A dentist, Dr. Herbert C. Harris blazed trails for African Americans in medicine

SHARE A dentist, Dr. Herbert C. Harris blazed trails for African Americans in medicine

Dr. Herbert C. Harris and his wife, the Rev. Mildred C. Harris. | Provided photo

A trailblazer for African Americans in the medical profession, Dr. Herbert C. Harris was born on Feb. 4, 1928, to Emanuel Mason Harris, a school principal in Tucker, Ark., and Lillie Maude Tucker, his stay-at-home wife.

Their son, who was one of seven children, would go on to attend Arkansas AM&N College — later to become University of Arkansas at Pine Bluff, one of the historically black colleges and universities — where he excelled at both academics and athletics. After graduating, he served in the U.S. Army during the Korean War, where he achieved the rank of sergeant.

Returning from the war, he enrolled at the groundbreaking Meharry Medical College in Nashville, Tenn. — the first medical school in the South for African Americans, chartered in 1915 — where he obtained his degree in dentistry in 1959.

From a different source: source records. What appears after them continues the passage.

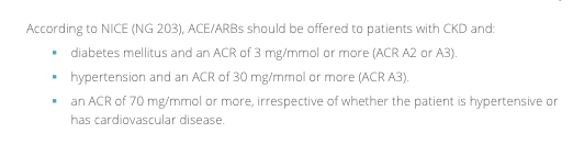 According to NICE, ACE/ARBs should be offered to patients with CKD and…{what indications} [3]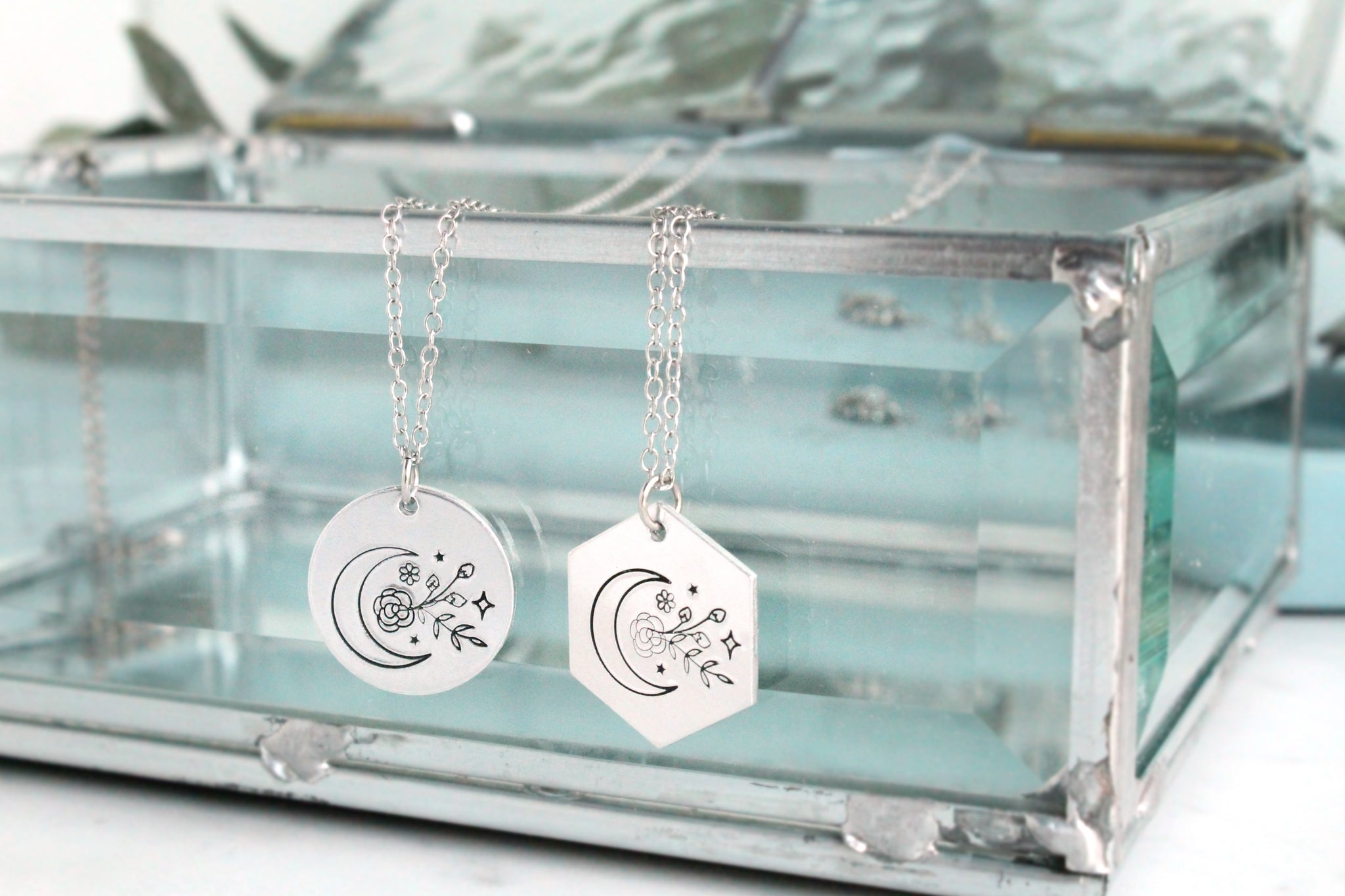 Both the hexagon and circle pendants measure 3/8" and are made of aluminum which is lightweight, non-tarnish, and hypoallergenic. Chain and clasp are made of stainless steel.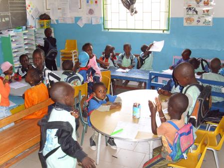 Ici, elle encadre un groupe d'élèves dans la classe de GS de tata Khady |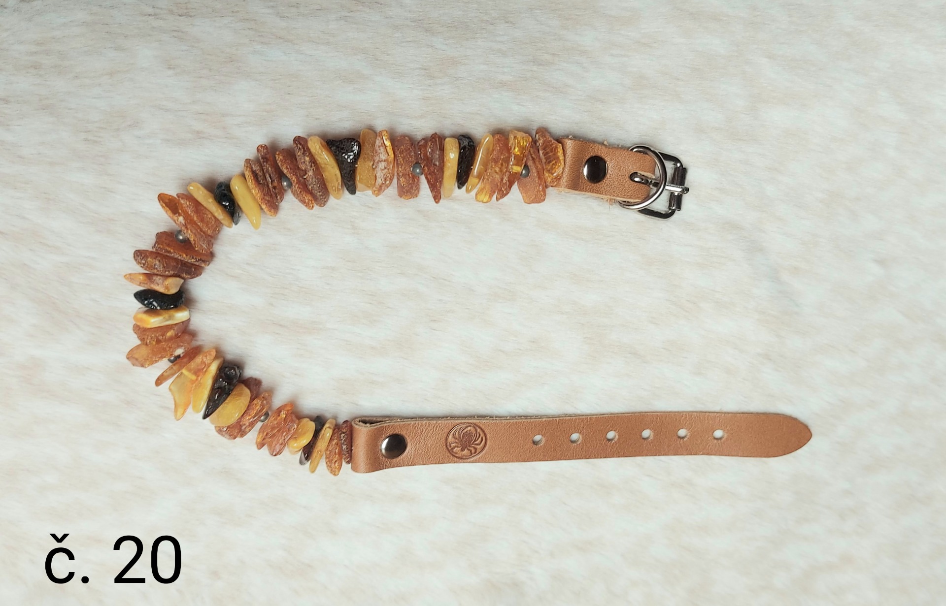 Obojek s minerály baltský jantar s koženým páskem a nerezovou přezkou

Dr. Herbert C. Harris graduated from Meharry Medical College in 1959. | Provided photo

Dr. Herbert C. Harris graduated from Meharry Medical College in 1959. | Provided photo

He’d complete an internship in oral surgery at the famed Harlem Hospital in New York City in 1960, returning to Chicago, the city where he’d met his wife, to begin a successful dental practice of 40 years on the South Side.

Dr. Harris died Friday at ManorCare of Oak Lawn, from prostate cancer. He was 91.

“He had such a brilliant intellect and such a generous heart for family, scholars and community. He was so service-oriented. He taught me how to live a selfless life,” said his wife of 60 years, the Rev. Mildred C. Harris, founder and pastor of Chicago’s God First Church and Ministries in South Shore.

Dr. Harris, who obtained his master’s of public health from the University of Illinois at Chicago in 1976, was the longtime proprietor of the Chatham-Avalon Medical Center — the largest African-American-owned medical center on the city’s South Side. He opened it in 1986, selling it when he retired in the late ’90s.

Dr. Herbert C. Harris served in the U.S. Army during the Korean War. | Provided photo

Dr. Herbert C. Harris served in the U.S. Army during the Korean War. | Provided photo

Listed in Who’s Who in America, Dr. Harris was a lifetime member of the NAACP and member of Alpha Phi Alpha Fraternity, Inc. Founder and CEO of the former Daniel Hale Williams Health Center, he was past president of the Lincoln Dental Society and a member of the National Dental Association, American Public Health Association and several other organizations.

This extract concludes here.